Onerous legislation, lengthy approvals processes, and an uninformed public are the biggest obstacles to creating more housing on Long Island.
That familiar refrain was the takeaway from a panel discussion Thursday at a Real Estate Institute event on the region’s housing crisis.
More than 200 real estate industry professionals packed the Heritage Club at Bethpage State Park for REI’s Spring Luncheon panel titled “Long Island Housing Development: Challenges and Opportunities.”
Moderated by Kevin Law, executive vice president and partner at Tritec Real Estate and chairman of Empire State Development (ESD), the panel included developer Anthony Bartone, managing partner of Terwilliger & Bartone Properties; Farmingdale Mayor Ralph Ekstrand; Brookhaven Supervisor Dan Panico; Cara Longworth, ESD regional director; and David Pennetta, executive managing director of Cushman & Wakefield Long Island.
Bartone, whose firm has built transit-oriented developments in Farmingdale, Lynbrook and Westbury, railed against legislative impediments like New York’s scaffold law, which he said raised insurance rates three times higher than anywhere else, the one-month limit on security deposits for apartments, prevailing wage mandates and the proposed Good Cause Eviction law, which would add protections for tenants, including capping annual rent increases to 3 percent.
“The challenges here are so deep it’s almost untenable,” said Bartone, who also serves as president of the Long Island Builders Institute. “You can’t come out with laws like these.

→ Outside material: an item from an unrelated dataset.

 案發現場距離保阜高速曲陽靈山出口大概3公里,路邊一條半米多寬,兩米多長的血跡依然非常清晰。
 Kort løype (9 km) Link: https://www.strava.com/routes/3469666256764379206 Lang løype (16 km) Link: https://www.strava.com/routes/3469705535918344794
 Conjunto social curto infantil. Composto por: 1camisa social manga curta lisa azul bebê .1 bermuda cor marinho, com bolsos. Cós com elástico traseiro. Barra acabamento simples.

I’m so tired of having unintended consequences.”
Pennetta stressed the need to educate elected officials and municipal appointees, along with the general public to advance housing developments.
“There’s an education problem and before that there’s a human problem. Our elected officials don’t necessarily have any real estate experience,” he said.

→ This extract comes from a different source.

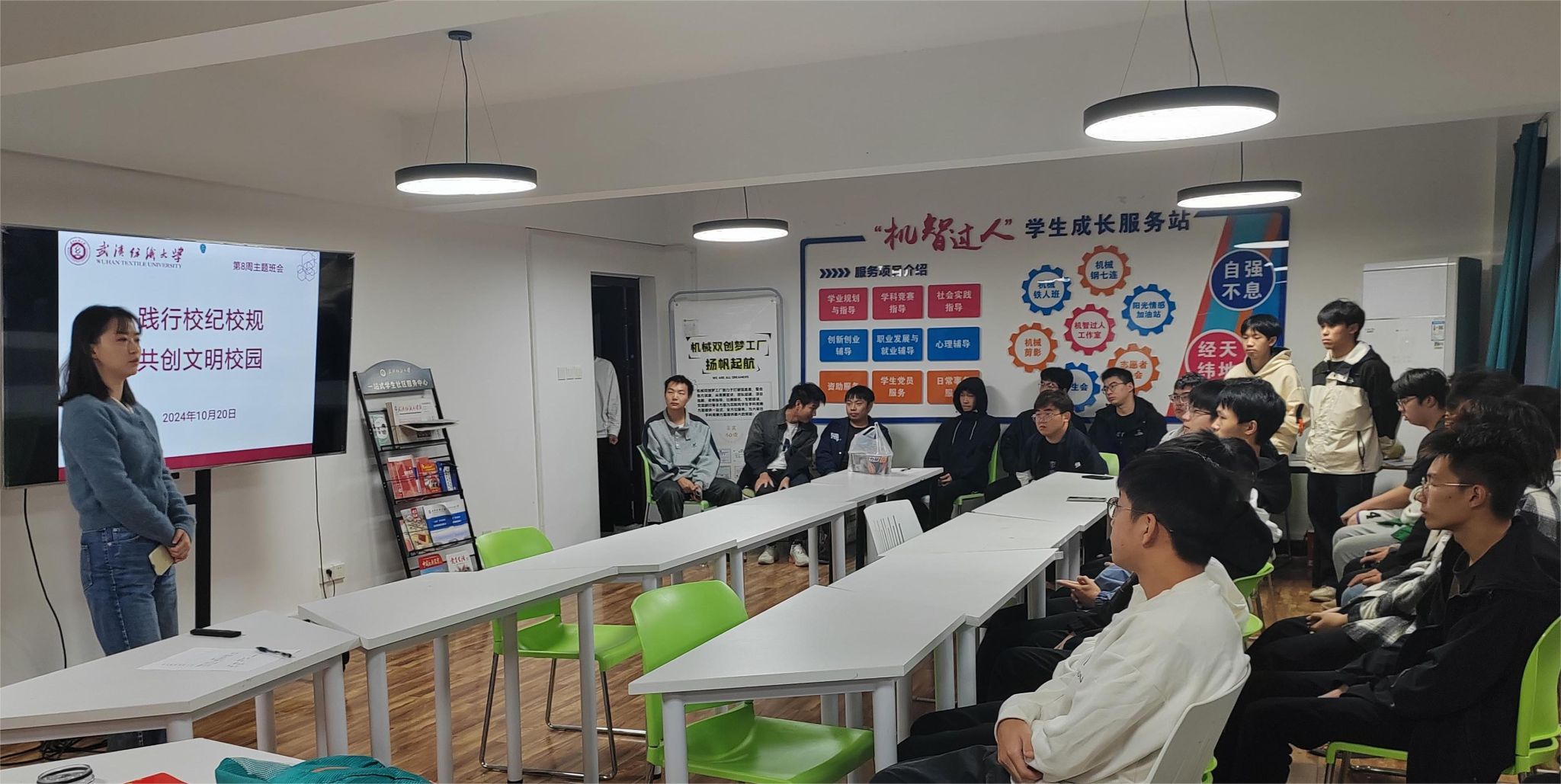 10月20日下午,公司开展“践行校纪校规 共创文明校园”主题班会。班会由辅导员、各班班主任主持,此次班会重点强调了校纪校规教育。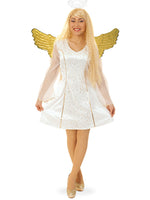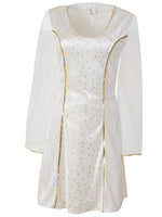Wie gerade aus den Sphären den Himmels zu uns herabgestiegen, so wirkt dieser Engel. Das kurze Kleid ist aus schimmerndem Pannesamt und luftigem Tüll gefertigt, mit golden glänzenden Sternchen und Pailletten. Damit gelingt auch nicht ganz so frommen Damen ein überzeugend himmlischer Auftritt!

“There needs to be a group that goes to all the townships to talk to the supervisors and the mayors, the county execs, even Hochul’s office, and explain the cost and effect of all this stuff.”

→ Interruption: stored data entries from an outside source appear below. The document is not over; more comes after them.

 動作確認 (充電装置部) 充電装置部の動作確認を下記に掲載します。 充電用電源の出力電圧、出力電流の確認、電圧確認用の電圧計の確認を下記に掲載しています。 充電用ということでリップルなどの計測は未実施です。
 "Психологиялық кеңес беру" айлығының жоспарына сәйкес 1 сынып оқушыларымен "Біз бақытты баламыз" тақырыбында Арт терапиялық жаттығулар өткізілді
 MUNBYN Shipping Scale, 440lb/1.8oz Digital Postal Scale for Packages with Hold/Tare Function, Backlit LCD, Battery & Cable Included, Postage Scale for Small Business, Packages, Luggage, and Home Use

The elected officials on the panel, however, have been some of the most progressive on Long Island when it comes to housing development. Since Ekstrand became mayor, the Village of Farmingdale has added 500 apartments in nine projects.
Ekstrand said the village planned ahead and did the state-required environmental review for its master plan to determine what it could build and what it couldn’t.
“Local government does everything very quickly,” he said. “We can get a shovel in the ground in 120 days.”
Panico also touted the entitlement process in the Town of Brookhaven, where the planning board was eliminated to speed things up and projects can get a hearing for a zone change and site-plan approval at the same time.
“We have TODs that are very large. We’ve brought on thousands of housing units,” he said, including Tritec’s ongoing Station Yards project in Ronkonkoma. “If our economy is going to grow and we are going to keep people here, you need to create housing.”
Longworth acknowledged that the lack of housing impacts Long Island’s economic development. She pointed out that between 2009 and 2019, the Island lost 98,000 people between the ages of 35 and 55, the prime working age.
“That’s impacting our companies,” Longworth said. “In the last 20 years, we’ve created 62,000 more jobs than housing units.”
However, ESD’s regional director said the housing shortage is a priority for Gov. Hochul, who has been taking steps to advance development by providing funds to villages, towns and cities that qualify as pro-housing.
“The governor is incentivizing municipalities to create housing and she’s doing it with a carrot. Seventeen municipalities have become certified pro-housing, and we have another 10 that are in the process of becoming pro-housing,” Longworth said. “The governor has proposed in the budget this year another $100 million for municipalities for capital projects that support housing.”
Still, resistance to increased density from officials and the public at large remains one of the biggest challenges in creating more housing.
“There’s a general feeling that developers are greedy,” Panico said. “They need to go out and explain the math to the community. We need to show why three units to an acre won’t pencil out. The math doesn’t lie.”
Pennetta agreed and reiterated that education is critical. “It’s just mixed in a big pot of negative and positive, but we need to sort of accentuate the positive and make it overwhelm the negative.”